The Chengdu Pambassador Program is looking for panda-lovers who are keen to support panda conservation by becoming the new Chengdu Pambassadors, or Panda Ambassadors. Last week, the Chengdu Panda Base launched PandaQuest, a competition starting on Facebookand continuing through to on-the-ground events around the world and in Chengdu to create awareness about panda conservation and the Chengdu Panda Base’s goal to return pandas to the wild. The three Chengdu Pambassadors will have the unique opportunity to tour the world over five to six months and visit to help spread the word about Panda Conservation efforts. The cities around the world that the #pambassadors will be visiting all have Pandas that were born in the Chengdu captive breeding program with the aim of diversifying the gene pool and bringing Pandas back from the brink of extinction.
There is still time to enter yourself as a 2012 #Pambassador Candidate and make it to the semi-Finals in Washington, DC October 15th – 17th!

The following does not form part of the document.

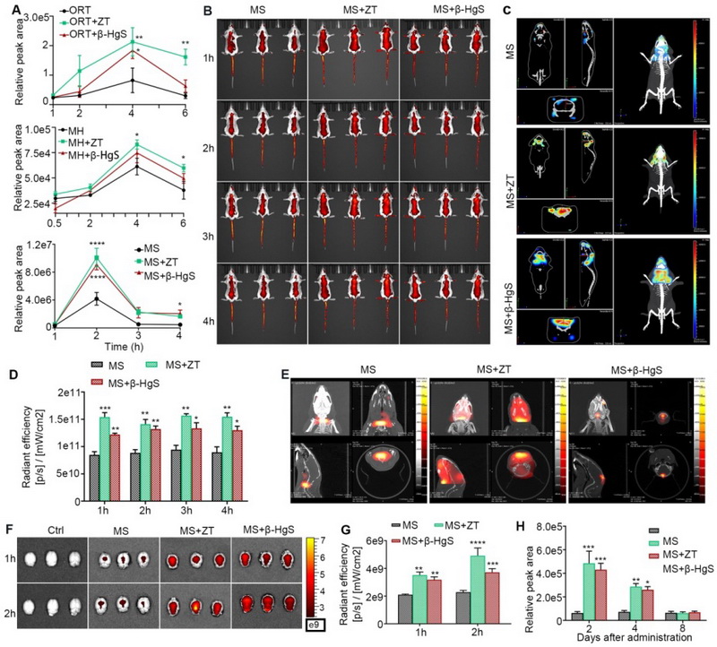 進(jìn)一步體內(nèi)檢測(cè)證實(shí),HgS金屬制劑能夠促進(jìn)多種小分子藥物入腦,尤其是能夠?qū)S-275的入腦量提高3倍以上,并能夠促進(jìn)藥物對(duì)APP/PS1小鼠的空間學(xué)習(xí)和記憶能力的改善作用。體外實(shí)驗(yàn)更直觀的觀測(cè)到,金屬制劑能夠在給藥48h后高效的促進(jìn)藥物進(jìn)入人腦微血管內(nèi)皮細(xì)胞,證實(shí)其通過增量實(shí)現(xiàn)增效的作用機(jī)制。

The most important steps are setting up your profile, creating your profile cover graphic, and then asking friends for recommendation and hugs. Once you have that set up you can work on your one minute candidate video.
Did you know that by the end of 2011 there were only 1,590 Giant Pandas in the Wild and 333 in captivity?
Chengdu (China) Panda Base’s goal is to return Pandas to the wild.
A female adult Panda can begin to have babies at 5 years old. They generally have 1 or 2 babies at a time.
Pandas are pregnant between 80 and 100 days.
An adult giant panda in the wild generally spends about 16 hours searching for and eating bamboo. A captive bred giant panda usually spends about 8-10 hours eating bamboo, and the remaining time is used for sleeping and playing (with each other and enrichment activities their keepers engage them in).
Giant Pandas will choose different kinds of bamboos and different parts of the bamboo depending on the season
The giant panda is believed to be about 8 million years old one of the oldest existing species. Sometimes scientists refer to it as “the living fossil”
Giant Pandas eat a lot of bamboo and enjoy sweet fruits but they will occasionally eat meat.